Some refugee advocates said Biden’s trip will send a message that the United States is serious about its humanitarian commitment to the Ukrainian people.

“Every first lady has a powerful platform to raise awareness and this trip will be an important tool in mobilizing additional support for those forced to flee their homeland,” said Krish O’Mara Vignarajah, president and CEO of the Service. Lutheran Immigration and Refugees. and previously chief policy officer for first lady Michelle Obama.

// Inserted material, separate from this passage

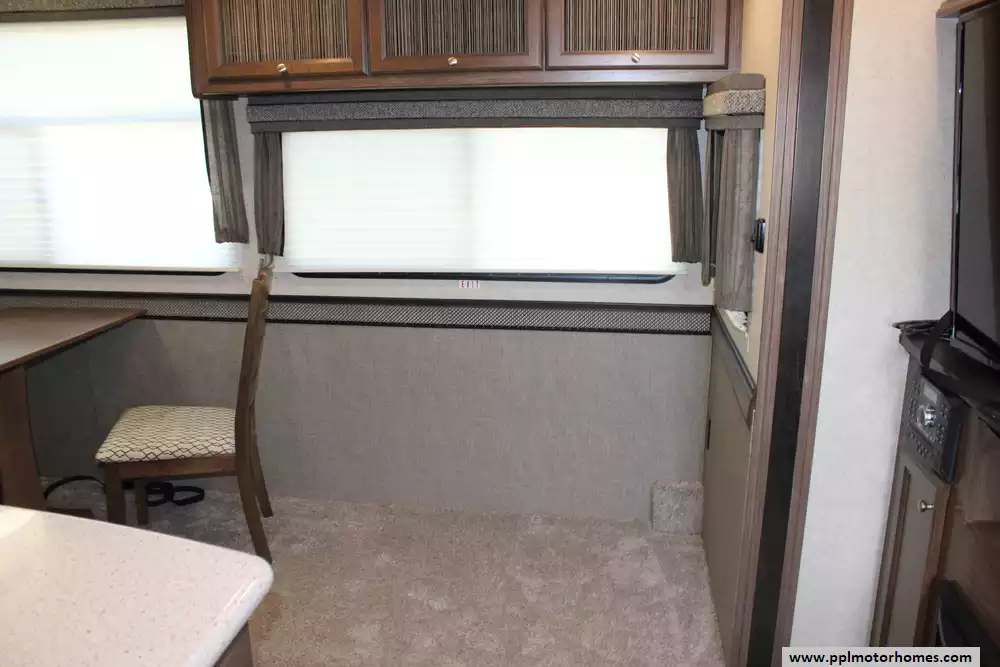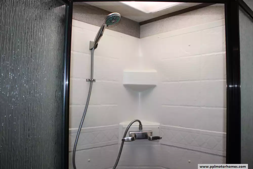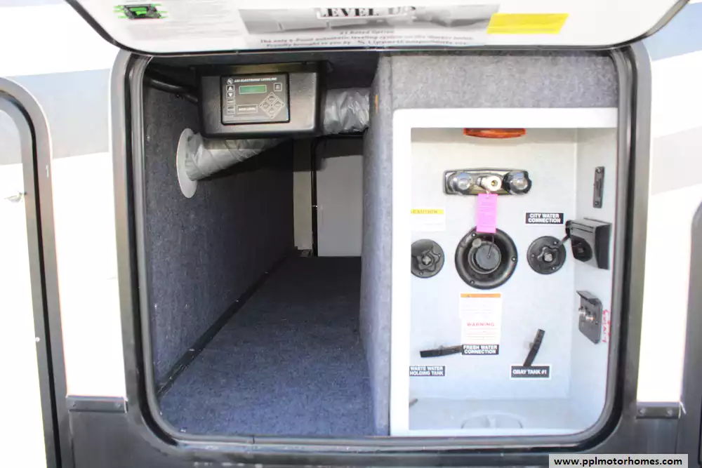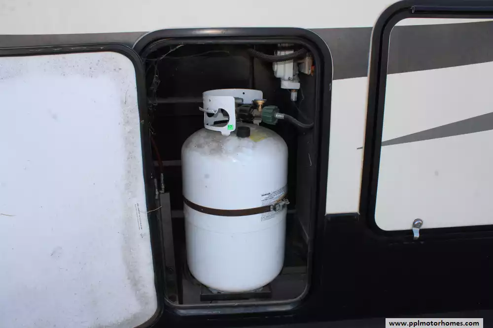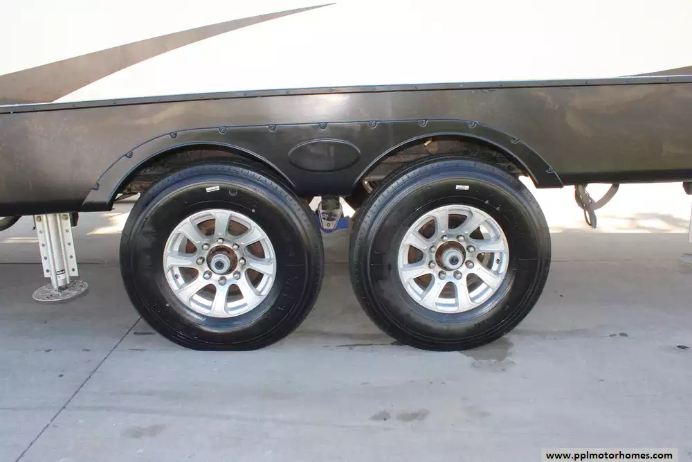 Specs: Length: 34.7 ft., Width: 8 ft., Height: 13.17 ft., Total Fresh Water Tank Capacity: 47 gal., Total Gray Water Tank Capacity: 120 gal., Total Black Water Tank Capacity: 80 gal., Total Number of Propane Tanks: 2, Total Propane Tank Capacity: 60 lbs.

Jill Biden’s trip will be the last to the region by a US government representative following recent visits to kyiv, the Ukrainian capital, by House Speaker Nancy Pelosi, Secretary of Defense, Lloyd Austin, and Secretary of State, Antony Blinken, to meet with President Volodymyr Zelenskyy.

President Biden visited with Ukrainian refugees during a stopover in Poland in March. That’s the closest he’s ever been to the Ukraine. The White House has said there are no current plans for him to visit kyiv.

Following her time with U.S. service members, the first lady was scheduled to spend Saturday in Bucharest, Romania’s capital, to learn about humanitarian efforts, meet with Romanian first lady Carmen Iohannis and tour a school where Ukrainian refugee students are enrolled before leaving for Slovakia. Biden is an English teacher at a community college.

On Sunday, he heads to Kosice, Slovakia, to visit a city-run refugee center and a public school that also houses Ukrainian refugee students, where he will spend time with Ukrainian and Slovak mothers and children as they participate in the Day of Mother. Afterwards, she will travel to the Slovakia-Ukraine border crossing at Vysne Nemecke, Slovakia.

The White House declined to comment on whether he will cross the border and enter Ukraine. You will also visit a small Greek Catholic chapel in Vysne Nemecke that serves refugees.

Monday brings a meeting with Slovak President Zuzana Caputova, the country’s first female president, before Biden returns to Washington. The first lady has shown her support for the Ukrainian people in various ways. She wore a sunflower, Ukraine’s national flower, on her mask and on the sleeve of a dress, and she traveled to a Tennessee hospital to visit Ukrainian children who had flown there for cancer treatment.

She had Ukraine’s ambassador to the US, Oksana Markarova, sit with her during President Biden’s State of the Union address in March, and she went to Army Fort Campbell in Kentucky to visit the families of American soldiers who were deployed to Europe to help with the Ukraine crisis.

The trip is the second abroad by the first lady alone. She flew to Tokyo last year to represent the United States at the opening of the Olympics.